"You said there was a message." His voice was dead. Dead like Beth. Dead like his soul.
The nun's hand had gentled on his arm until it seemed almost a caress, her voice low. "Mr. Jones wanted me to warn you that there are some men loose from prison. The men who shot him. I think Mr. Jones was afraid that they would come after you."
Garret raised his eyes to hers and felt hunger race through him. The hunger to ride long and hard, to face Kennisaw's murderers in a blaze of gunfire and killing fury. The hunger to get away from eyes too probing, too beautiful, too filled with an innocence Garret MacQuade could never know again.
"These men—who were they?"
"Mr. Jones said they were named Garvey. Cain and Eli Garvey."
White-hot rage swept through Garret with the fury of a flood-choked river, raking away all other emotions in its path.
"I'll kill the murdering bastards." Garret's fingers clenched over the butt of his Colt, as if the feel of the weapon against his palm could bring his quarry closer. "Damn it to hell, I'll kill them."
He stalked to the end of the wagon and leapt out of it with the killing grace of a stalking panther.
The children scattered like a flock of frightened birds, their eyes still steeped with dislike, distrust.
"Sister Ash," the lame one squeaked, "is he gonna kill—"
"Quit asking questions, boy, before I decide to kill you!" Garret snapped.
The boy hopped back, taking shelter behind the red-haired lad's shoulder.
"Mr. MacQuade."
He expected the woman to squawk at him, dared her to with his eyes.

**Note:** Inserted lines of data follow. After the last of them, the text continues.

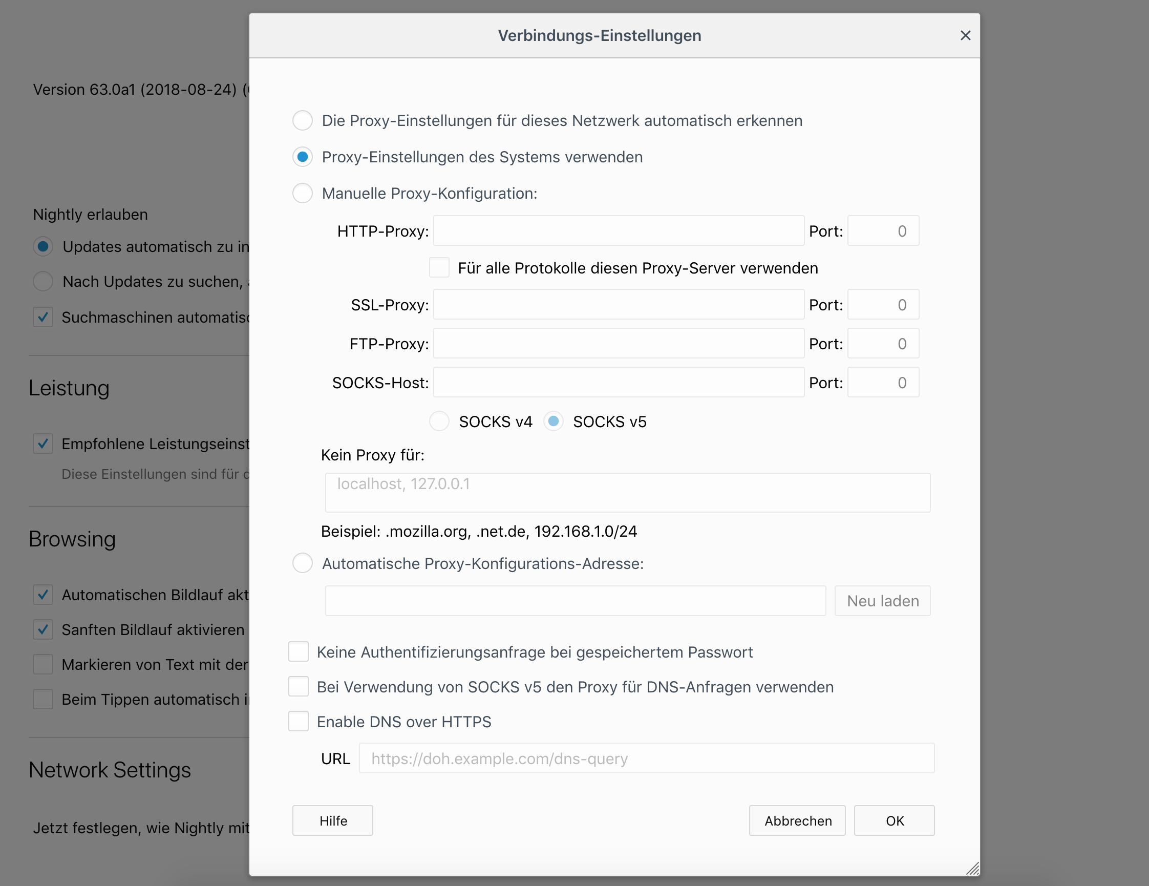 Für DNS over HTTPS hat Firefox nun eine sichtbare Einstellung.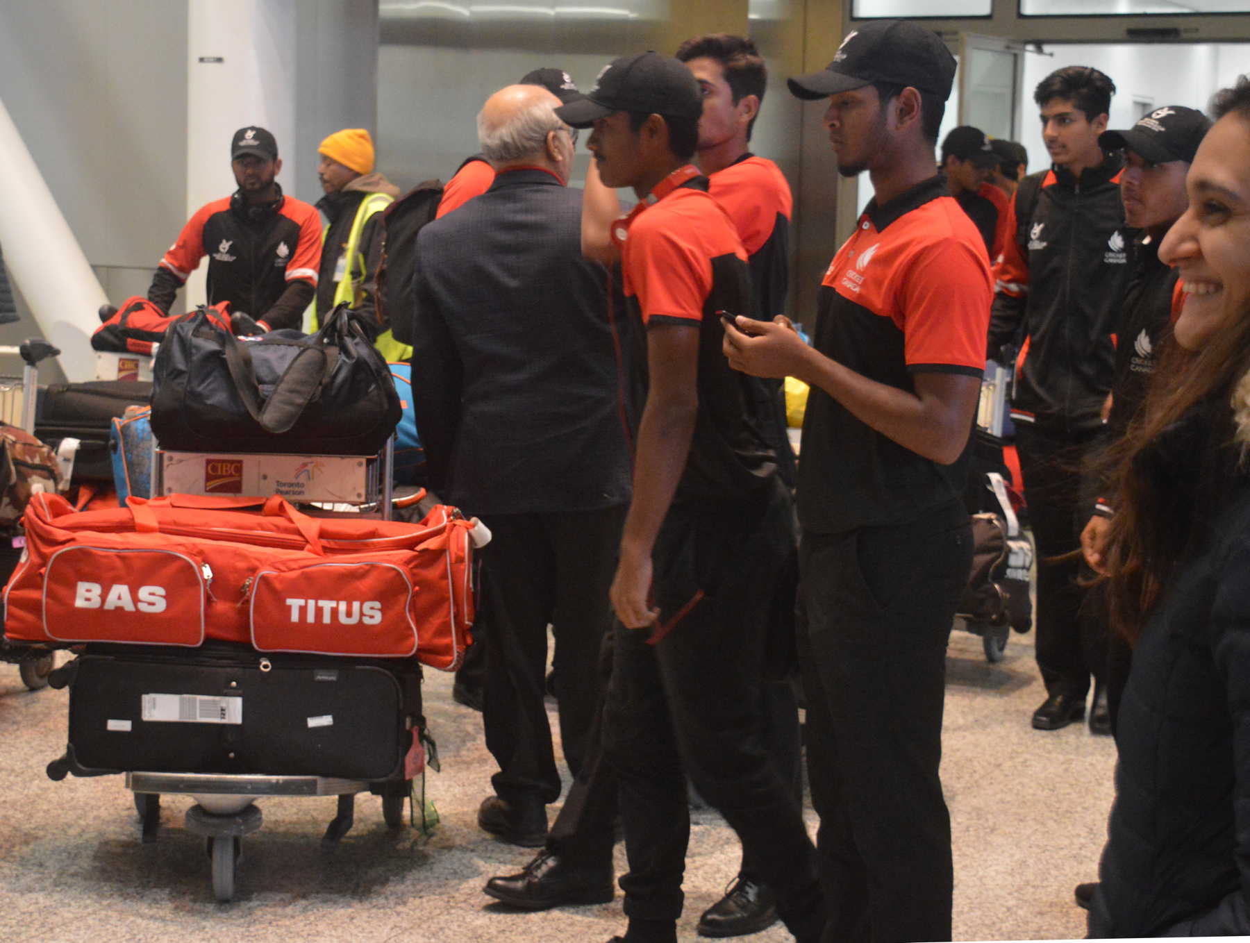The Canada Under-19 squad arrived back safely from the ICC Under-19 Cricket World Cup in New Zealand at Toronto’s Pearson International Airport on Tuesday evening (Jan 30, 2018). Family and friends greeted several of the players but for some of the squad a further flight is needed to return them to western parts of Canada.
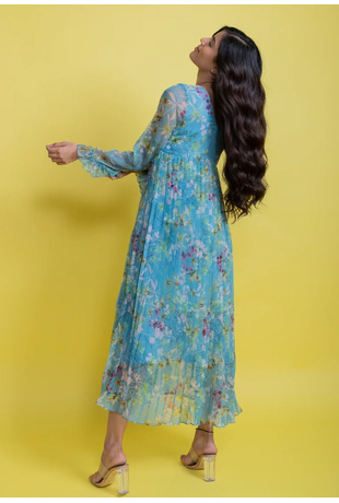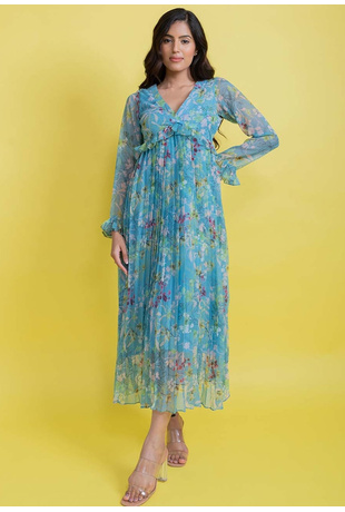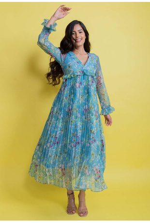 Chiffon Floral Pleated Maxi Dress - Blue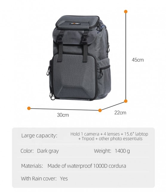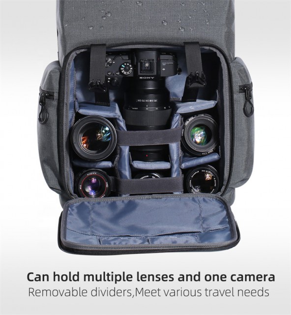 Als professionelle Outdoor-Kameratasche, ist die Kapazität 25L, die oberen und unteren Staufächer, eine Kamera mit mehreren Objektiven, Frontöffnung. Halten Sie 1 Kamera + 4 Objektive + 15,6-Zoll-Labtop + Stativ + andere Foto Essentials.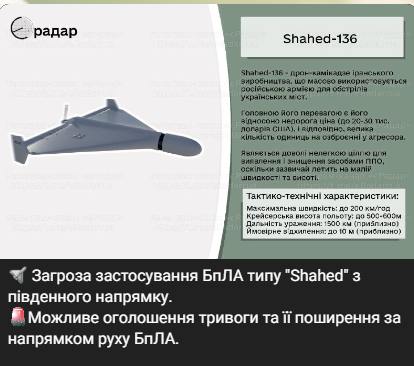 Повідомляється, що зафіксовано запуск ударних БпЛА типу Shahed з південного напрямку.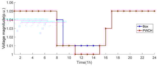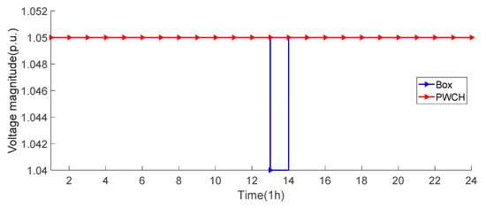 The bus voltage levels at each time period under the two scheduling methods are shown in Figure 14. It can be seen that the voltages of all buses fall in acceptable ranges using both scheduling methods, although both strategies can find the optimal operation strategy to satisfy the voltage level constraints. However, it is obvious that the voltage profile based on the PWCH uncertainty set is smoother, i.e., it is closer to the rated voltage level of the system.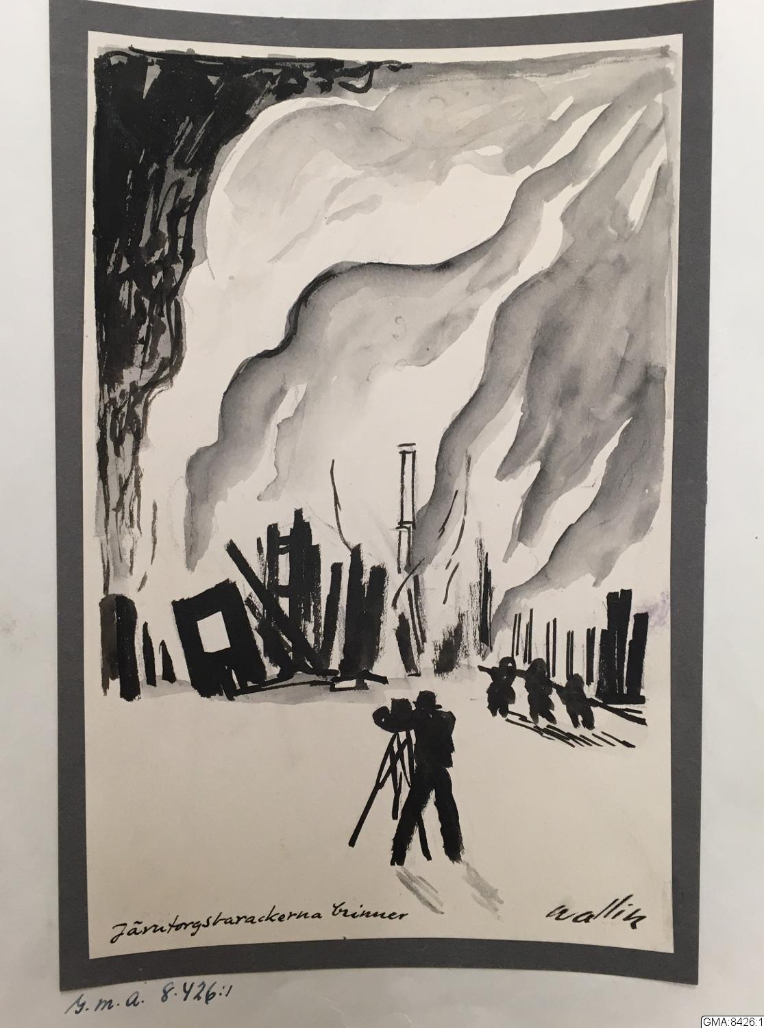 • Teckning 'Järntorgetstarackerna brinner' av Gunnar Wallin, 1947 (?)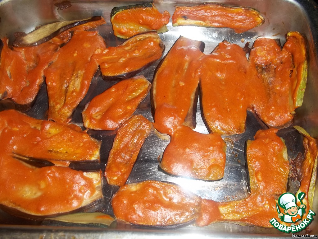 Смазать полученным соусом баклажаны, поставить на режим "Тушение, томление" минут на 25. После окончания приготовления можно посыпать зеленью!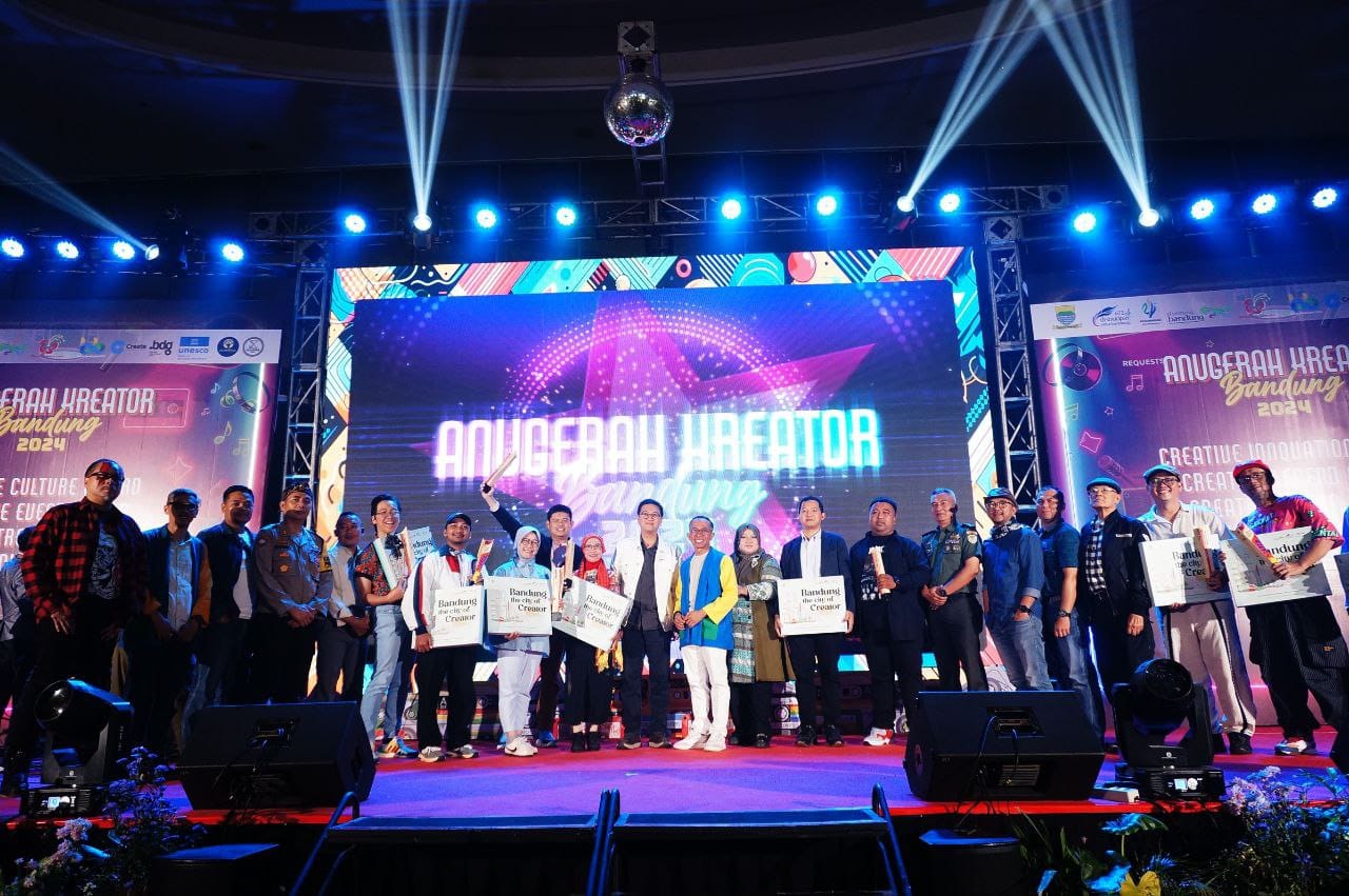 Sebanyak 13 insan kreatif berhasil meraih penghargaan dari Pemerintah Kota (Pemkot) Bandung pada acara Anugerah Kreator Bandung 2024 yang digelar di Harris Hotel & Convention Center, Senin malam (25/11/2024).(FOTO: Humas Pemkot Bandung)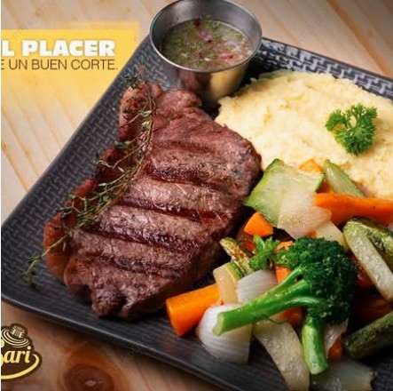 Lomo ancho de res de 300 g, servido con dos acompañamientos a elección.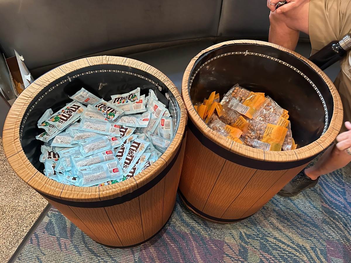 Also available complimentary are some M&Ms and Guardians of the Galaxy-themed Zarg Nuts, along with a water station.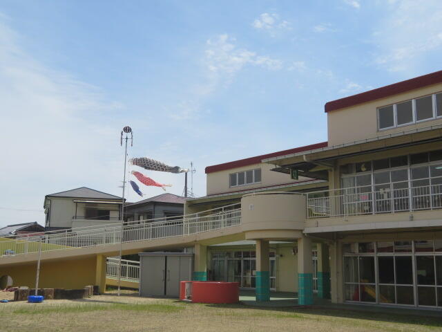 幼稚部の校庭に、元気にこいのぼりがあがりました。青空で泳いでいるこいのぼりは、子どもたちの注目の的で、 「こうちょうせんせい、みて、ほら、こいのぼり!」と教えてくれます。 紙と絵の具で、子どもたちがこいのぼりを作って飾っていました。教室内も春らしく、季節を感じる楽しい雰囲気が広がっています。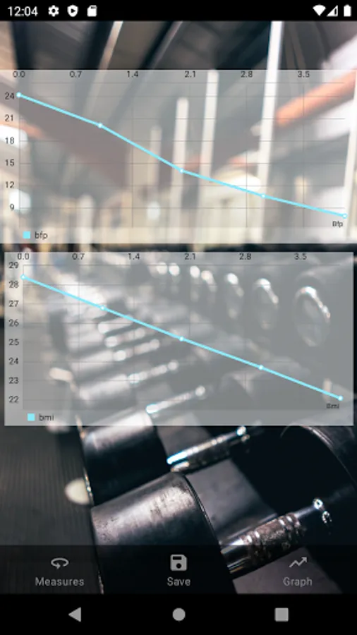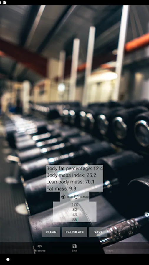 myBody is a body fat calculator which uses US Navy formula. Save and draw line graph options are available.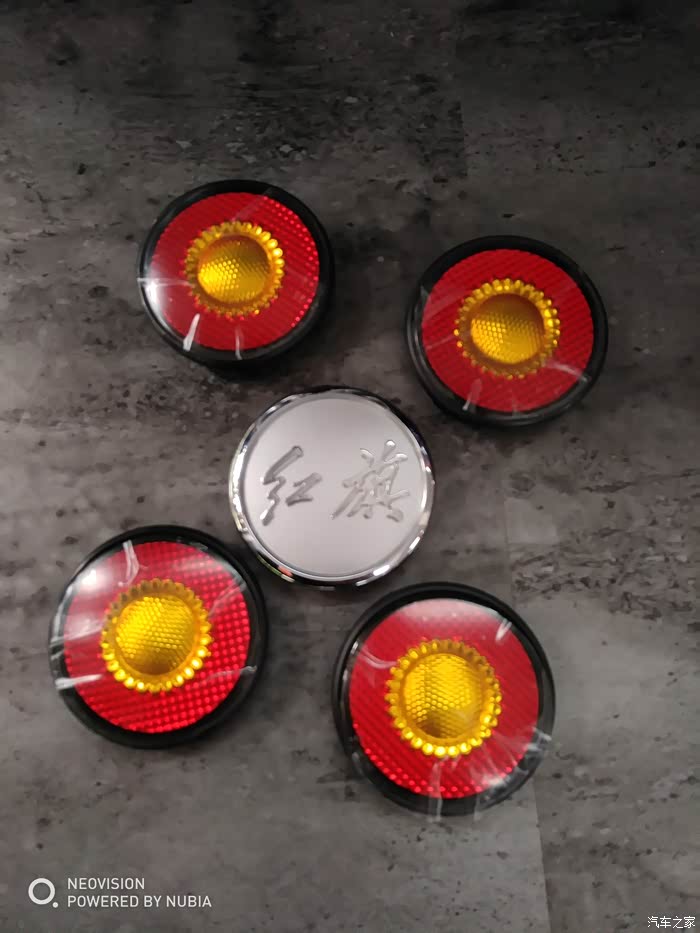 目录换标开始:用一字小改锥取下原来的轮毂盖取下后的原车轮毂盖与L5、H7上通用的原装金葵花轮毂盖对比,自己在网上买的原装金葵花标,收到货后感觉质量还要比原车自带的质量要好、更重!规格与原车的完全吻合!之前的担忧完全解除!事实上比原车的标更搭配!青川蓝的车身配金葵花轮毂标更漂亮!万绿丛中一点红!真的应验了这句话换装完2个了,继续........完全换装完毕,4个红旗标来张侧面轮毂盖换装完成的特写拉近点看看有没有违和感? NO! 前雾灯特写!镀晶之后的格栅更显档次!自己动手弄得全车镀晶!新车第一天就镀晶了!完全是个人喜爱!目的只想让“红旗”车更红!更闪耀!更永恒!镀晶完部分细...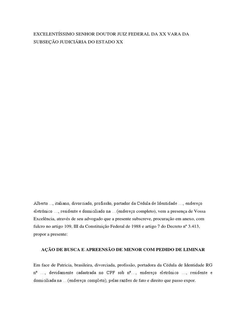 AÇÃO DE BUSCA E APREENSÃO DE MENOR COM PEDIDO DE LIMINAR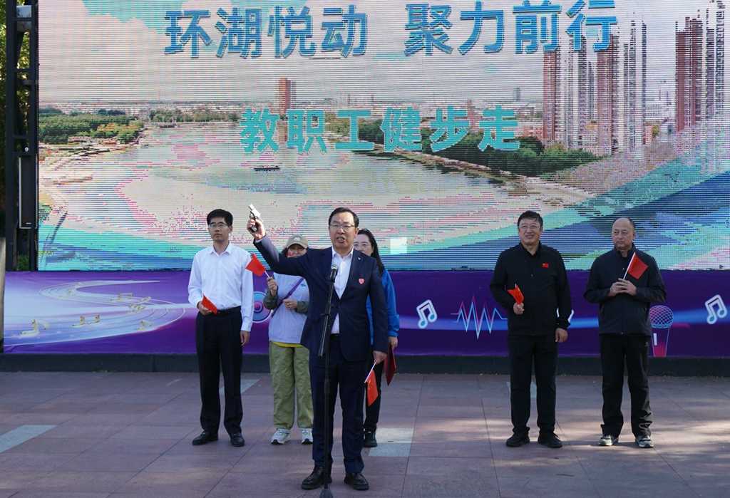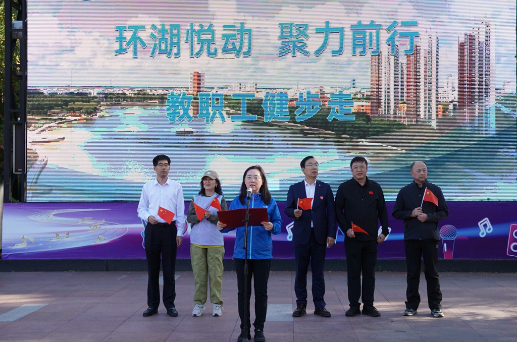 校党委书记丁宏在致辞时代表学校向辛勤耕耘在教学、科研、管理服务一线的全体教职工致以诚挚问候。她指出,学校环劳动湖而建,“环湖大学”的美誉深入人心。教职工环湖健步走活动作为学校的特色品牌活动,既体现了学校对教职工身心健康的关心关爱,也展现了齐大人团结奋进的精神风貌。当前学校正处于教育教学审核评估的关键时期,面临着服务龙江全面振兴、推进学科建设、提升育人质量的新任务新挑战。希望全体教职工把徒步中收获的活力与激情,转化为教书育人、干事创业的动力;把活动中凝聚的团结与共识,转化为推动学校发展的强大合力。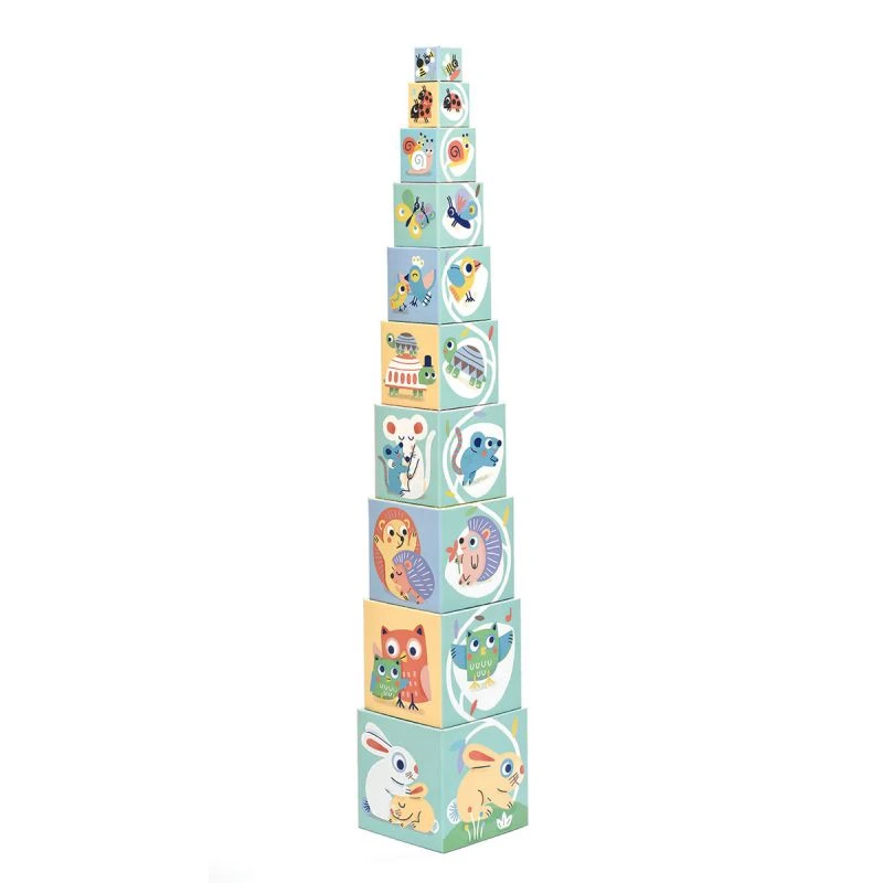 Les cubes empilés font une tour de 86 cm de hauteur que bébé s’amusera à construire et surtout à faire dégringoler !

But she only looked at him, her slender body silhouetted in the lantern glow, framed by the oval opening in the back of the wagon top.
"About Mr. Jones... and about the land..."
"I'll bury Kennisaw before I send the Garveys to their graves. And as for the land—lady, if you and these brats are so eager to die, feel free to do it at Stormy Ridge. God knows there are enough graves there already."
He wheeled and stalked into the night.
Chapter Six
Garret slumped in the slat-backed chair, oblivious to the racket of the Double Eagle's more festive patrons as he drained the last of a bottle of whiskey and thumped it down on the spur-scarred table.
"Dead soldiers," Kennisaw had called the empty containers during the countless nights of carousing he and Garret had shared. The old man had lined them up with the precision of a general, taking inordinate pride in the fact that he could outdrink any man west of the Missouri.
It had been a vanity Garret had allowed him to keep, always surrendering the contest when Kennisaw's eyes had that unmistakable glazed look that warned him the old man was about to pass out.
Garret had always excused his actions, grumbling to himself that the reason he capitulated to Kennisaw was that if the old man did ever hit the floor dead drunk, it would take a team of six oxen to move him.
But now, as Garret stared at the empty bottle, at his empty life, he knew that seeing the blustery pride in Kennisaw and hearing his delighted bragging had been one of the few shreds of enjoyment Garret had ever allowed himself.
It had seemed fitting to send the old man off to the devil this way. Far more fitting than that nun's suggestion of listening to some dour-faced preacher extolling the beauties of heaven.
His mother had always looked a bit wistful when she told him and Beth about the church she'd gone to back east. But Garret had never understood the allure of stone and stained glass when there were mountains and skies filled with thunder. She had tried to keep him from being a heathen, but between his father's cynicism and Kennisaw's tales of the Great Spirit, Garret had woven his own strange mix of beliefs. Lily MacQuade's Catholic upbringing had seemed as far removed from him as the heaven she spoke of.
He grimaced at the memory of the picture of heaven he'd seen in her Bible. People running around in nightshirts playing golden harps and looking about as exciting as milk-sopped bread.
Kennisaw would've gone mad as a rabid bear in a place like that—if it did exist. Far better for him to be kicking up a ruckus with the rest of the hell-raisers in the devil's saloon.
But that woman—Sister Mary Ashleen—she'd never understand. Life to her was all good or bad, black or white, evil or godly. No shades of gray a soul could get lost in. She would probably have made the sign of the cross and sent up some petition to a saint or something if he had been so foolish as to tell her that heaven could be hell. A subtle hell that burned a man's soul just the same.
He closed his eyes, seeing her as she had been hours earlier in the dusk-shrouded cemetery as he had lowered Kennisaw’s pine coffin into the freshly turned soil.
She had stood some distance away, the four children clustered around her. All starched and pressed they had been, the girls' hair plaited in stiff braids tied up in ribbons, crisp gingham pinafores covering dresses Garret had known instinctively to be their Sunday best. The boys had squirmed, uncomfortable in pantaloons and white shirts, their unruly hair slicked down with a wet comb. Even then wisps had stuck up at both boys' cowlicks, giving them a flyaway, mischievous appearance that made Garret wonder what scrapes they were planning.